Pochi giorni prima di Natale due istituti superiori di Firenze, il Machiavelli-Capponi e il Dante-Alberti sono stati occupati dalle solite minoranze di studenti, tanto volitive quanto confuse negli obbiettivi. Più che di occupazioni, però, sarebbe il caso di parlare di invasioni barbariche, dato che gli occupanti (o almeno una parte di essi) hanno commesso una serie di vandalismi, che il “Corriere Fiorentino” ha così documentato:

“L’elenco è lungo: telefoni rotti, arredi spaccate e tinti con vernice indelebile, wi-fi rotti e divelti dal muro, diversi computer rubati, vetri rotti, porte divelte, meccanismi delle porte di sicurezza danneggiati, porte tagliafuoco che riportano scritte con vernice indelebile che non le rendono più ignifughe, due distributori di bevande e merendine forzati per rubare contenuto e soldi, scarabocchi e scritte ingiuriose dovunque, la sparizione di molte chiavi che renderanno necessaria la sostituzione delle serrature. In una scuola poi si sono trovati escrementi disseminati in vari luoghi che hanno reso necessaria la disinfestazione di tutto l’istituto che è costata 3.500 euro e due giorni di chiusura».

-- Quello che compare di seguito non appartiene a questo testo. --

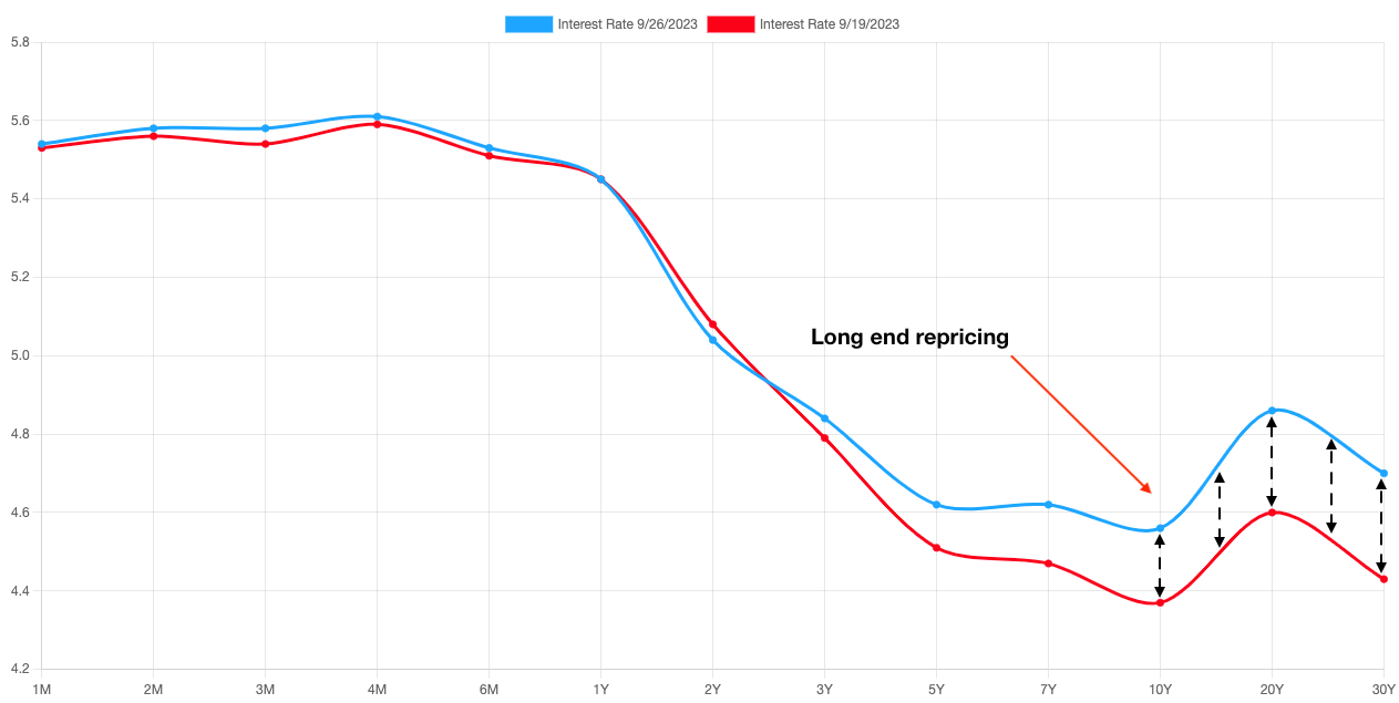 The chart above shows that the 10-year yield has rallied 33 bps since the press conference and SEP release, while the 2-year yield has shifted 6 bps higher. Further, down the curve, the reaction is greater for bonds with higher duration, with the 20-year and 30-year yields both increasing by 40 bps since September 20.
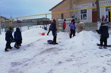 К Новому году в школьном дворе "выросли" снежные ёлки.
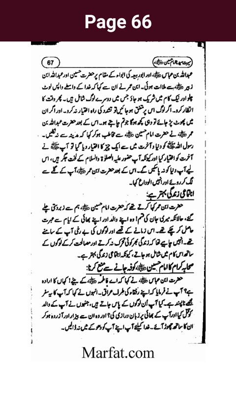 Hazrat Imam Hussain was a grandson of the Islamic prophet, Muhammad, and son of Ali ibn Abi Talib (the first Shia Imam and the fourth Rashid caliph of Sunni Islam), and Muhammad's daughter, Fatimah. He is an important figure in Islam as well as being the third Shia Imam.This book is the complete guide on the life of Hazrat Imam Hussain. Read this book and you will know the Seerat and Life of Hazrat Imam Hussain. This book Contains the complete story of Karbala. So please read this book.
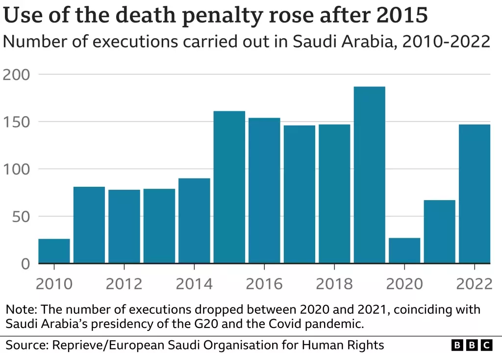 But, nearly five years on, Saudi Arabia remains one of the world’s most prolific executioners – despite a lull that coincided with Saudi Arabia’s presidency of the G20 and the start of the Covid pandemic.
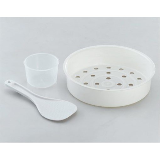 Phụ kiện kèm nồi là dây nguồn 1.0 m, cốc đong, muỗng cơm, và xửng hấp dùng để chế biến các món hấp đơn giản, góp phần làm đa dạng bữa ăn của gia đình
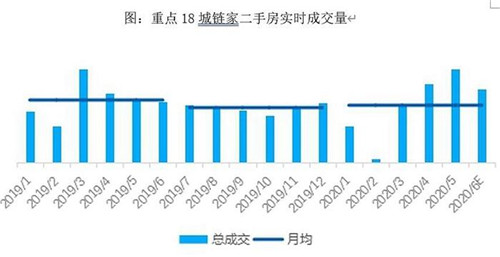 在二手房市場,3月份成交開始韌性復蘇。貝殼研究院數據顯示,重點18城鏈家二手房成交量比1-2月成交總量增長41.8%,4、5兩月環(huán)比增速分別達到39%和19%。6月成交雖然比5月有所回落,但同比依舊增加21%。
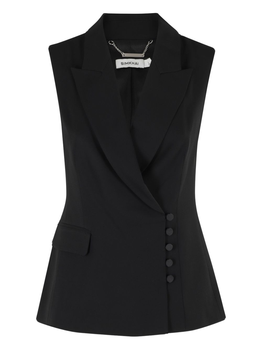 chain-trimmed button-fastening waistcoat Highlights - Black - Chain detail - Notched lapel - Asymmetrical fastening - Four buttons - Flared hem Imported Composition Acetate 71%, Polyester 29%
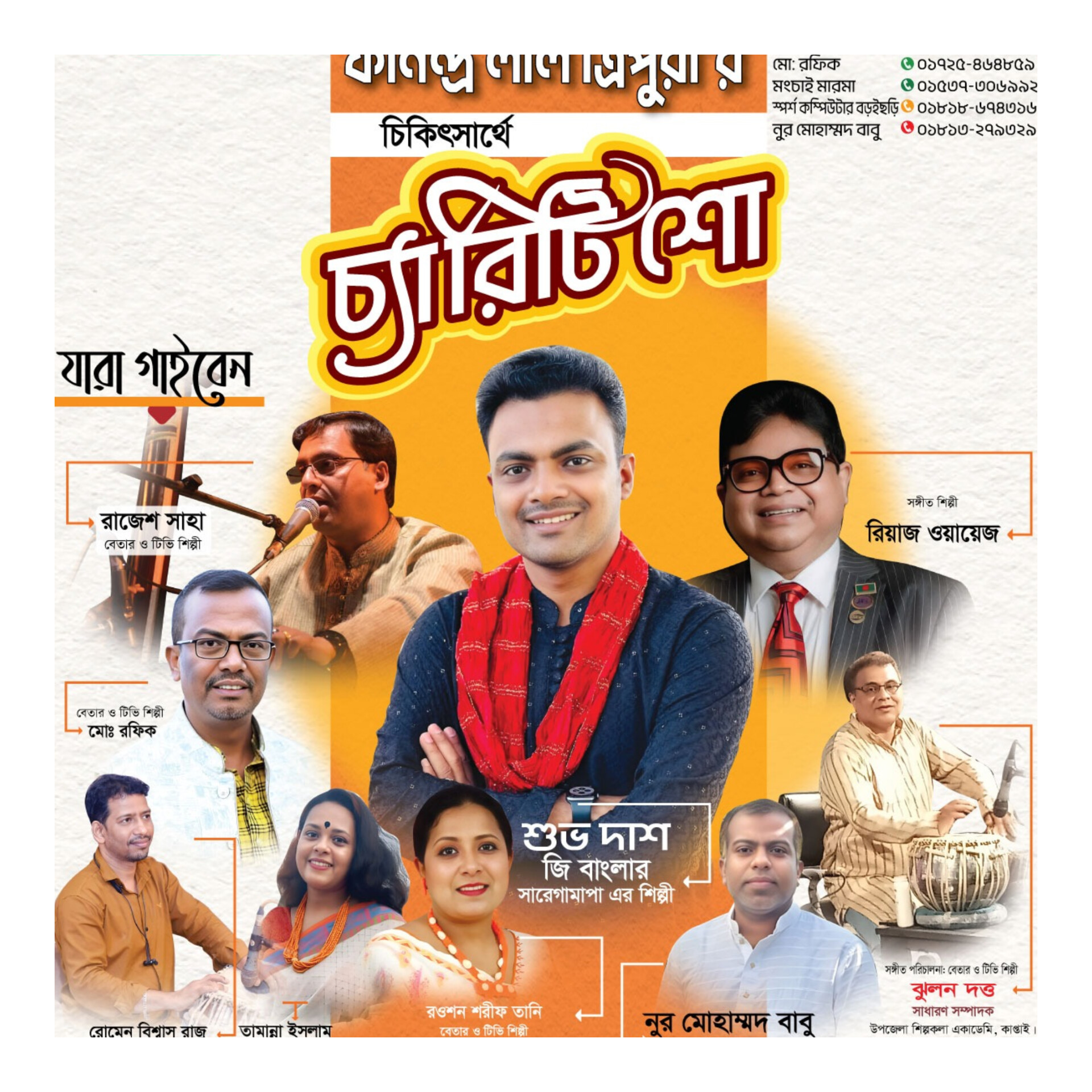এতে সঙ্গীত পরিবেশন করবেন কলকাতার জি বাংলার জনপ্রিয় রিয়েলিটি শোতে অংশ নেওয়া সারেগামাপা এর শিল্পী চট্টগ্রামের শুভ দাশ।
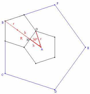Créer un nouveau document par l'icône Nouvelle figure et placer deux points A et B. Construire le pentagone de centre A et dont un sommet est le point B comme au I) Définir un nouveau calcul par le menu Calculs, Calcul algébrique dans R, Nouveau calcul. Dans la boîte de dialogue obtenue, taper k pour le nom du calcul et (3 - rac(5))/2 pour la formule puis valider. On utilise ensuite les homothéties de centre A et B et de rapport k pour obtenir les petits pentagones et on applique une rotation de centre A et d'angle 36° au petit pentagone centré en A. Enfin on effectue les rotations successives de centre A et d'angle 72° pour obtenir les autres petits pentagones :
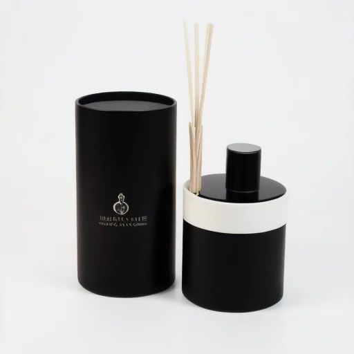 Recyclable Luxury Black Round Glass Bottles Reed Diffuser Set Gift Packaging Cylinder Aromatherapy Stick Paper Tube$0.3
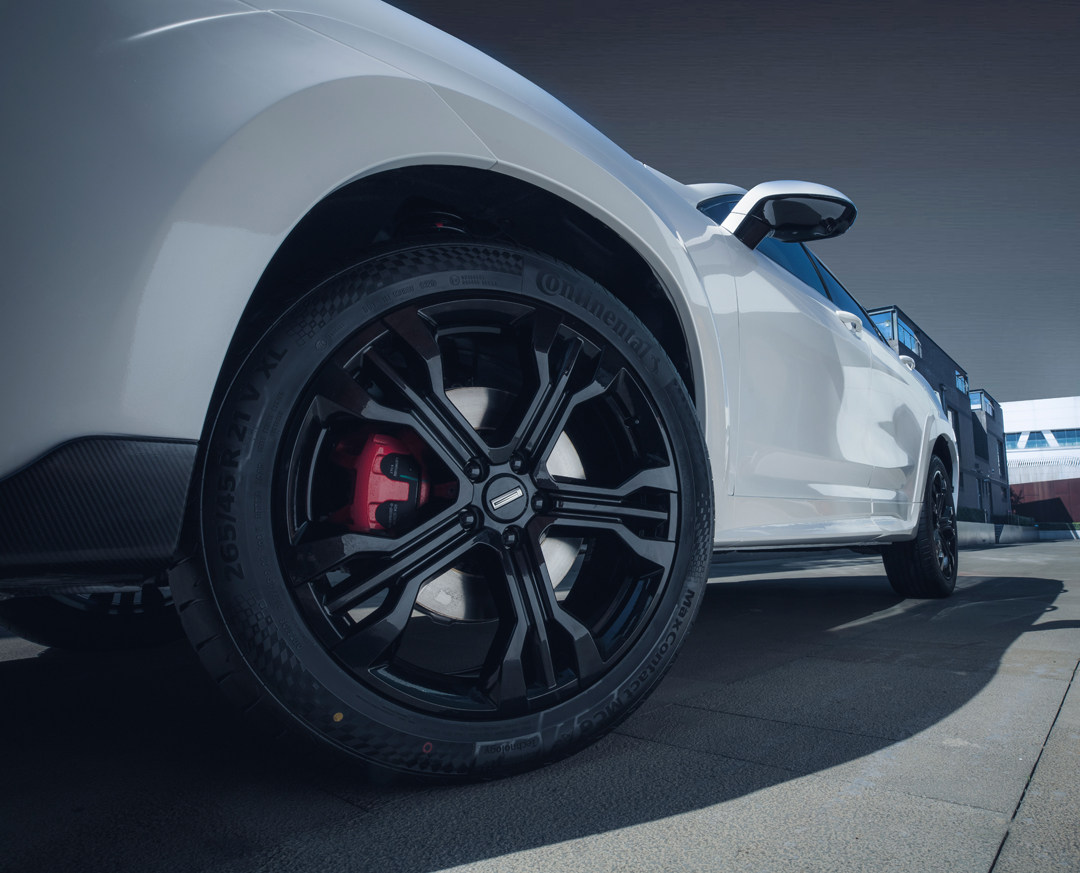 侧面依然延续了VV7 GT普通版的整体设计,说到变化,最明显的莫过于轮圈,五辐式的轮毂简洁之余不失运动感,熏黑的造型和纯白的车身形成对比;里面红色的卡钳相当醒目,虽然不是什么高性能产品,只是普通的双活塞,但在视觉效果的营造上却相当不错。轮毂尺寸是21英寸的,比普通车型大1英寸,既能保持原有的稳定性、舒适性同时,保证有不错的视觉感受。
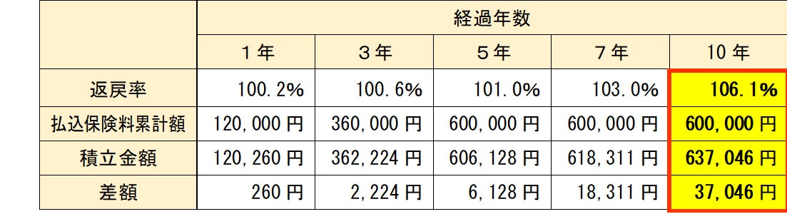 b.解約返戻金の推移 *月払い保険料1万円の場合
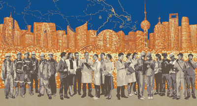 璀璨长三角——贯彻落实长三角区域一体化发展国家战略(版画) 孔国桥 鲁利锋 王克景
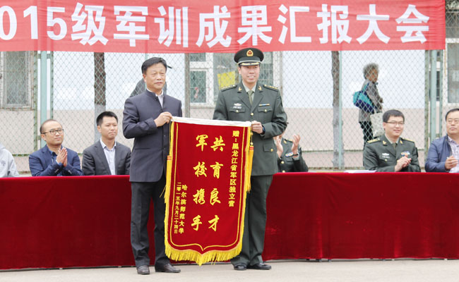 图 党委常委、副校长徐晓风代表学校向承训部队赠送锦旗
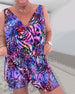 V-Neck Colorful Print One-Piece Swimsuit
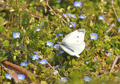 モンシロチョウの当地での過去の初見日を見ると、2002〜2006年の5年間でそれぞれ3/14、3/19、3/13、3/29、3/25で、今年の初見日は3/10でこのいずれよりも早い。 ルリシジミの初見も例年3月中旬から下旬だが、今年は3/4と早くなっている。

Secondo una prima stima, i danni ammonterebbero a 20.000 euro. È bene però far notare una conseguenza in genere ignorata, cioè che il danno economico creato dalla cancellazione delle lezioni è, in questo come in tutti i casi analoghi, enormemente più alto. L’Associazione Nazionale Presidi (ANP) fece tempo fa un calcolo partendo da quanto lo Stato spende ogni anno per ogni studente: almeno 8.000 euro, cioè circa 40 euro al giorno. Dato che il liceo Machiavelli-Capponi ha 1500 allievi e l’interruzione delle lezioni è durata 7 giorni, dobbiamo moltiplicare 1500 x 40 e poi x 7, cioè di 420.000 euro per la loro istruzione buttati dalla finestra. Per il liceo Dante-Alberti, che ha 1060 allievi, lo stesso calcolo, considerando due giorni in più di sospensione della didattica, indica uno spreco di 381.600 euro. Aggiungendo i 20.000 euro di danni, il totale speso dai contribuenti per finanziare le due occupazioni ammonta a 821.600 euro. A questo si aggiunge il danno causato al diritto allo studio dei molti che non volevano l’occupazione. E si può anche capire che a quell’età sia difficile opporsi con determinazione, un po’ per timore, un po’ perché una vacanza a molti non dispiace troppo, infine per scarsa consapevolezza dei costi di cui sopra. C’è infine l’ennesimo discredito (questo non addebitabile agli studenti) inferto alla credibilità delle istituzioni dalla loro latitanza, dato che regolarmente omettono di far accompagnare cortesemente all’uscita chi occupa le scuole.